RAW DATA: Begin
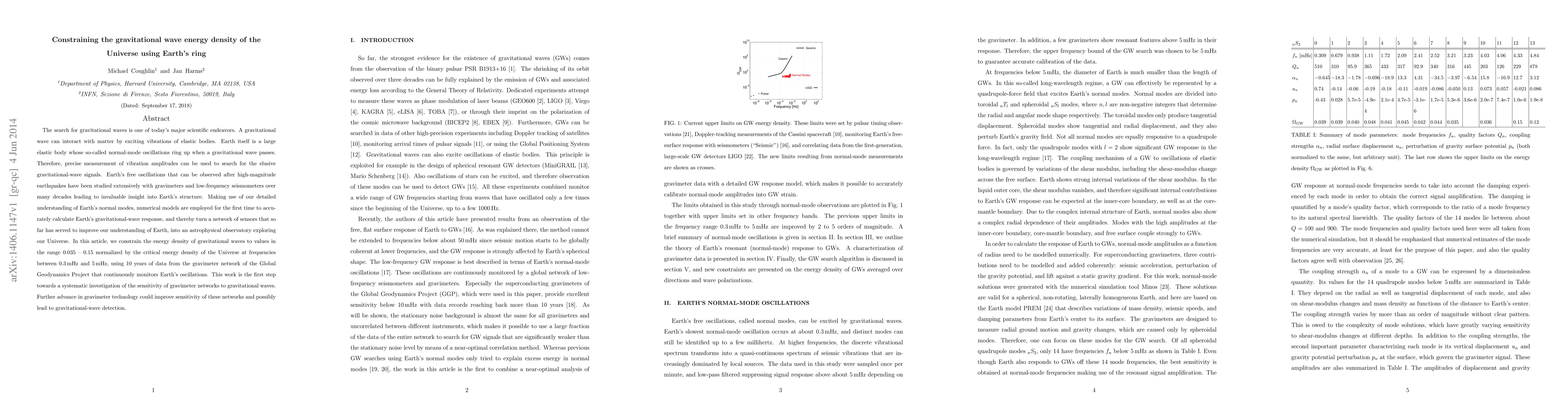 Researchers used Earth's normal-mode oscillations to constrain gravitational wave energy density to 0.035-0.15 of the universe's critical energy density in a frequency range of 0.3mHz to 5mHz.
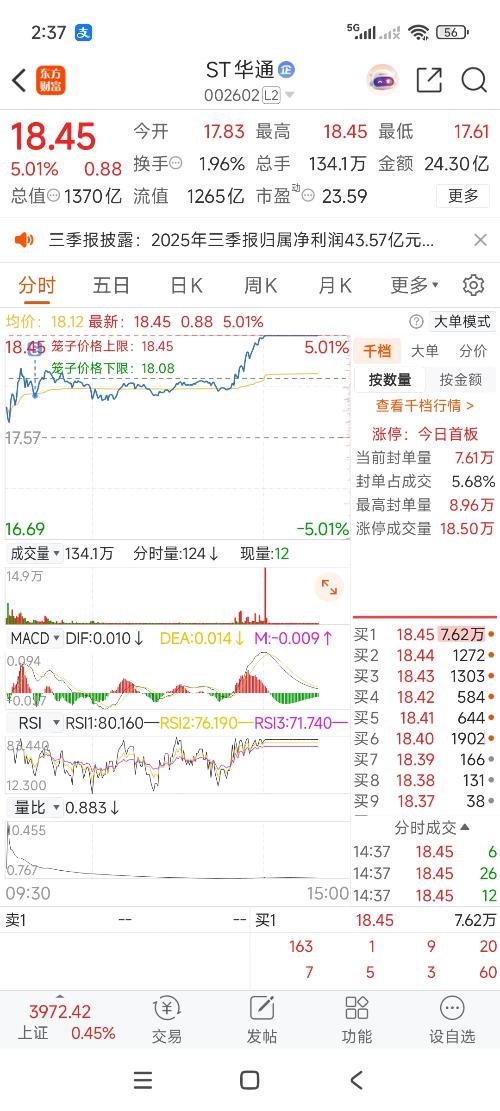 $ST华通(SZ002602)$高位顶部下跌股,一切下跌拉升过程只为主力能卖个好价,一切只为小散安心接盘。一个季度增加5万小散来接盘,主力做得很成功了,小散赚钱主力亏钱只有小散梦里有! 跌停时几十万手封单!因为主力大赚不怕别人买了去,正急着出货那!! 涨停时才几万手封单!主力怕被人偷家把高价股卖给他,目的是为拉高出货,吸引韭菜买进! 我说的是事实,我猜到有反抽所以今天也买点,打算咬一囗就跑!! 从...
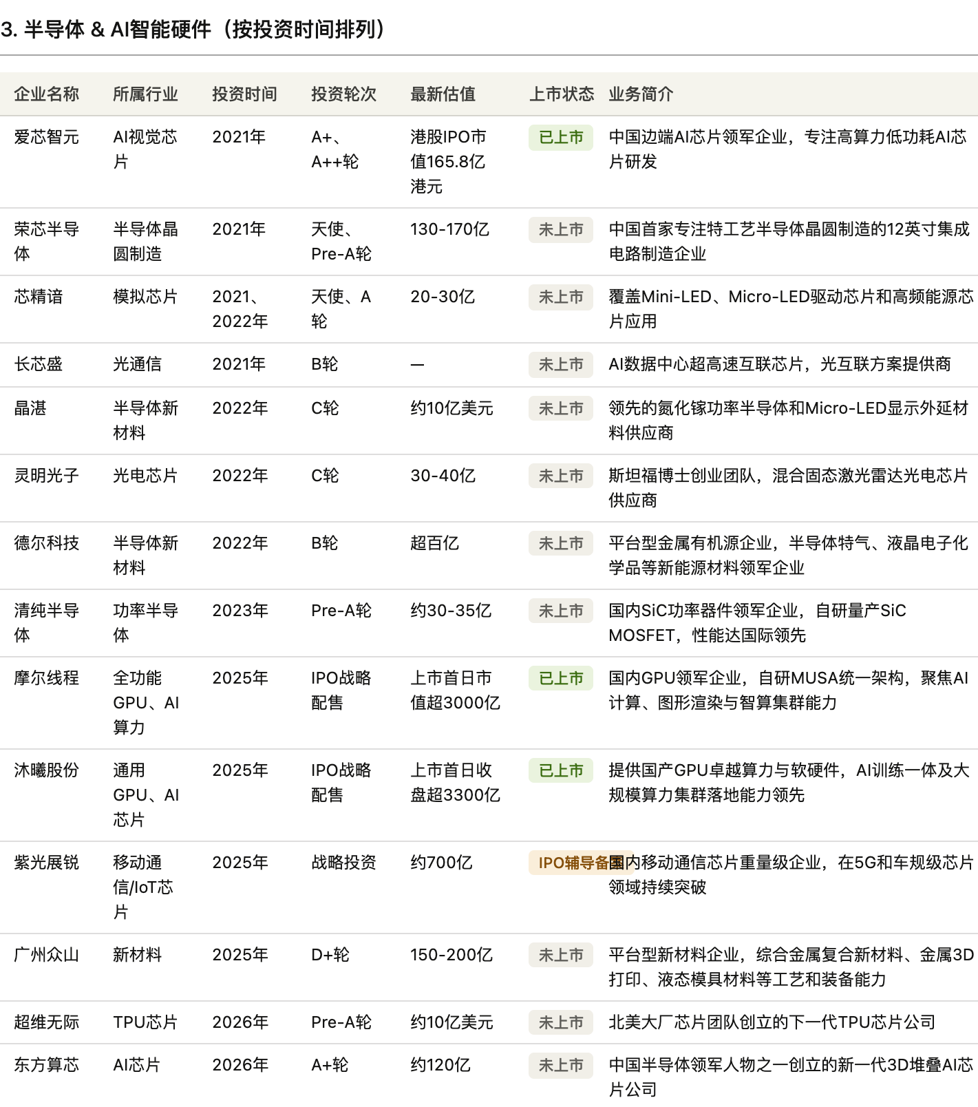 摩尔线程、沐曦股份、紫光展锐、爱芯智元……从 GPU 算力到 AI 视觉芯片,从功率半导体到移动通信芯片,美团的投资触角遍布在 AI 基础设施的各个方向,形成了一张相当完整的算力版图。
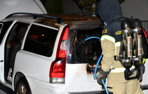 Brandkåren från Hylliestationen larmades vid 01.23 till en bilbrand vid en villa i Vintrie strax utanför Malmö. När brandstyrkan kom fram hade redan de boende i villan släckt ner branden. Rökdykare tog över eftersläckningsarbetet. Enligt räddningstjänsten fans det spridningsrisk till en annan bil och själva villan. Efter ca 10 minuter kunde brandstyrkan återgå. Polisen kom till platsen och upprättade en anmälan om skadegörelse genom brand.
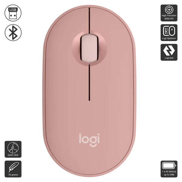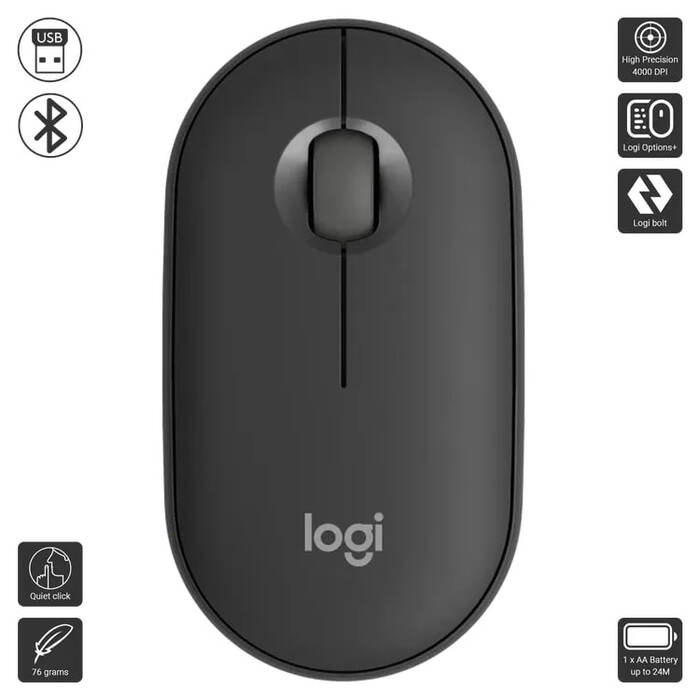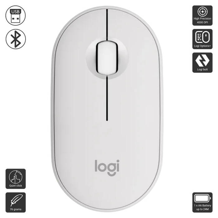 The Logitech Pebble 2 is a sleek, silent wireless mouse offering dual connectivity (Bluetooth or USB), precise tracking, quiet clicks, long battery life, and a minimalist design for portability.
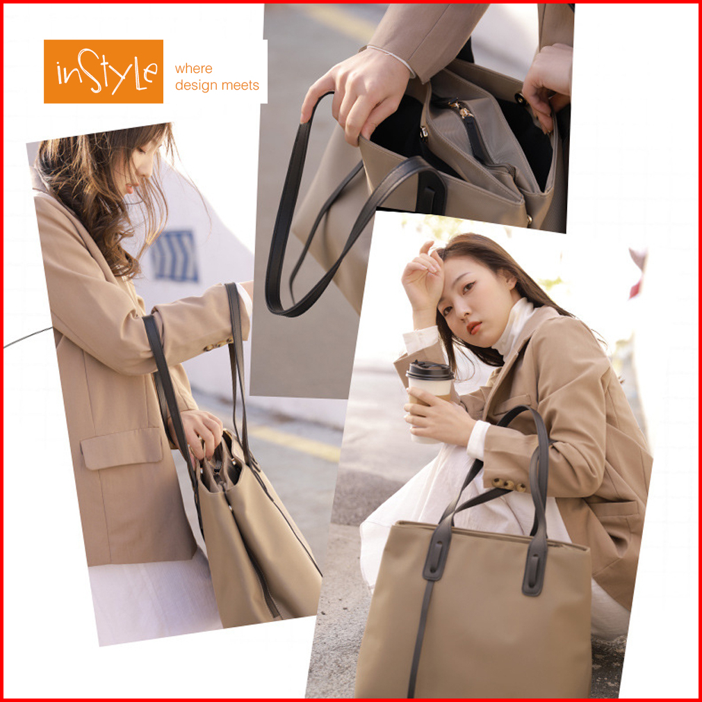 Tas Laptop Bahu Premium Nilon Oxford Wanita Korean Style Tote Bag Anti Air T14-t10-002
RAW DATA: End
> **ABOUT THIS TASK**:
Go through the data above and print exactly the lines from its first line through the line holding "Brandkåren från Hylliestationen", both included, leaving pictures aside.

> **ANSWER FOR THIS EXERCISE**:
 Researchers used Earth's normal-mode oscillations to constrain gravitational wave energy density to 0.035-0.15 of the universe's critical energy density in a frequency range of 0.3mHz to 5mHz.
 $ST华通(SZ002602)$高位顶部下跌股,一切下跌拉升过程只为主力能卖个好价,一切只为小散安心接盘。一个季度增加5万小散来接盘,主力做得很成功了,小散赚钱主力亏钱只有小散梦里有! 跌停时几十万手封单!因为主力大赚不怕别人买了去,正急着出货那!! 涨停时才几万手封单!主力怕被人偷家把高价股卖给他,目的是为拉高出货,吸引韭菜买进! 我说的是事实,我猜到有反抽所以今天也买点,打算咬一囗就跑!! 从...
 摩尔线程、沐曦股份、紫光展锐、爱芯智元……从 GPU 算力到 AI 视觉芯片,从功率半导体到移动通信芯片,美团的投资触角遍布在 AI 基础设施的各个方向,形成了一张相当完整的算力版图。
 Brandkåren från Hylliestationen larmades vid 01.23 till en bilbrand vid en villa i Vintrie strax utanför Malmö. När brandstyrkan kom fram hade redan de boende i villan släckt ner branden. Rökdykare tog över eftersläckningsarbetet. Enligt räddningstjänsten fans det spridningsrisk till en annan bil och själva villan. Efter ca 10 minuter kunde brandstyrkan återgå. Polisen kom till platsen och upprättade en anmälan om skadegörelse genom brand.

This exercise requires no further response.